“提那個老烏龜做什麽?”聽費彬提起方誠老和尚,左冷禪鼻中冷哼一聲,頗為不愉,顯然這人讓嵩山派頗為不喜。
“掌門師兄,我想說的是,自從蘇三挑了魔教青龍堂分舵,那隻老烏龜師徒前腳後腳的,就離開了長安府,似乎吃了大虧。”
“咻……”
在場眾人全都吸了一口涼氣。
“怎麽可能?”
方誠老和尚在少林寺在江湖中也許聲名不響,但嵩山派這種跟少林寺同山多年的門派,哪能不知道他是什麽人。

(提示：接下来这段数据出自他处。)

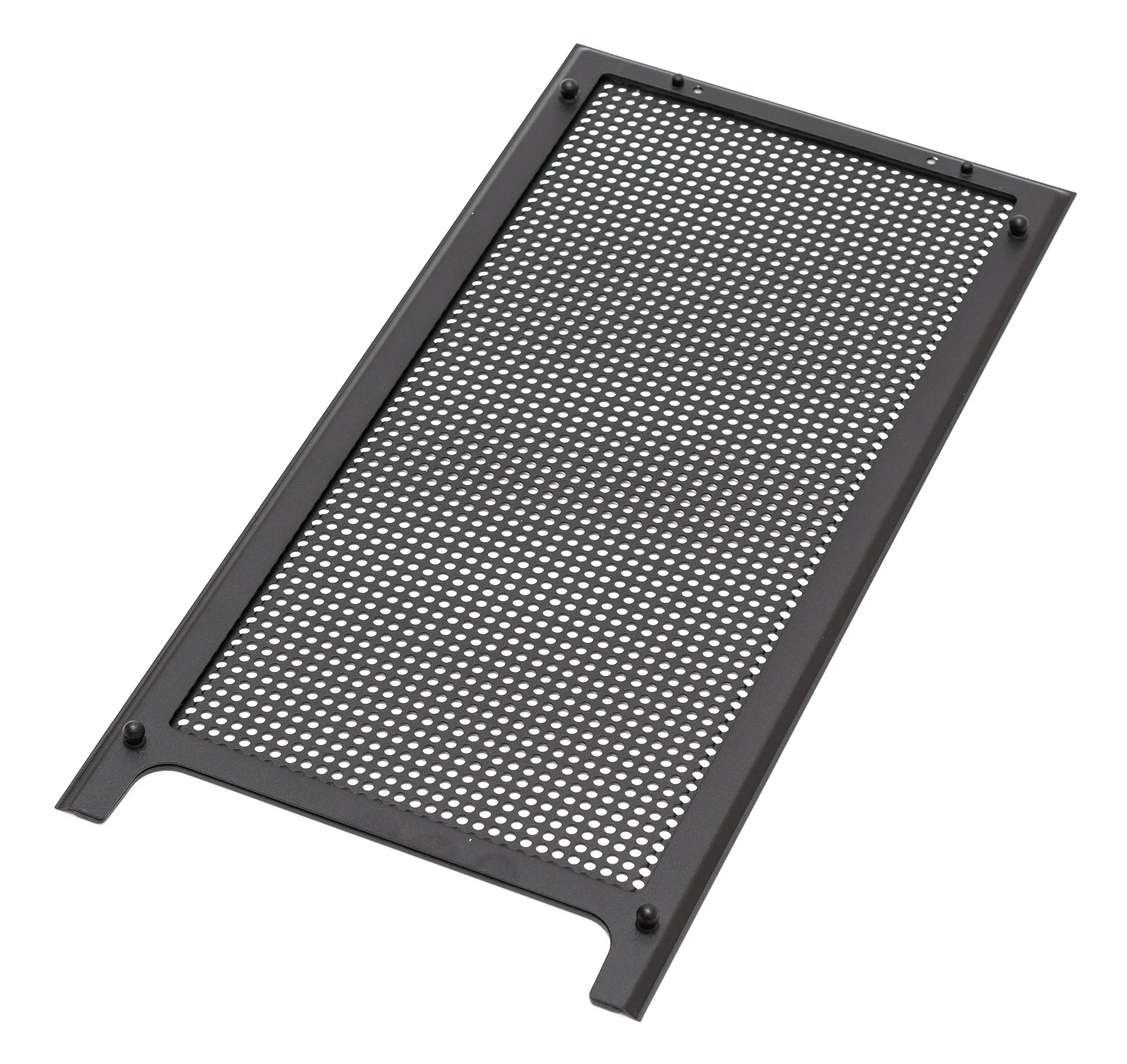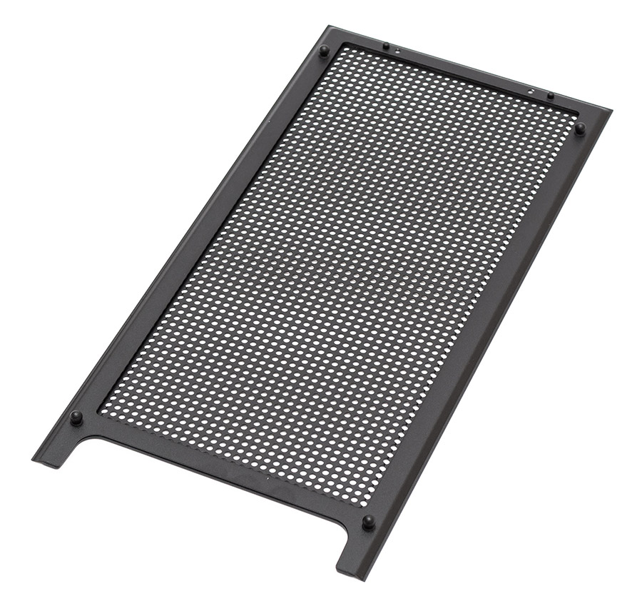 Левая панель металлическая и покрыта обильной перфорацией с круглыми вентиляционными отверстиями.

這人是最大的特點,就是“打不死,會縮頭”,你不去管他,他偷偷的跑出來做一些事情惡心死你。
你若是專門去對付他,可還偏偏夠不著。
他做事滑溜,為人警覺,手底下功夫偏還很是不弱,基本上比得上一個一流高手。
更奇怪的是他教出來一個好徒弟,竟然有著青出於藍的趨勢。
這些都不重要,重要的是這個老和尚智謀高深,布局極為深廣,做一件事情很少有半途而廢的時候,他總會想到辦法解決所遇到的種種難題。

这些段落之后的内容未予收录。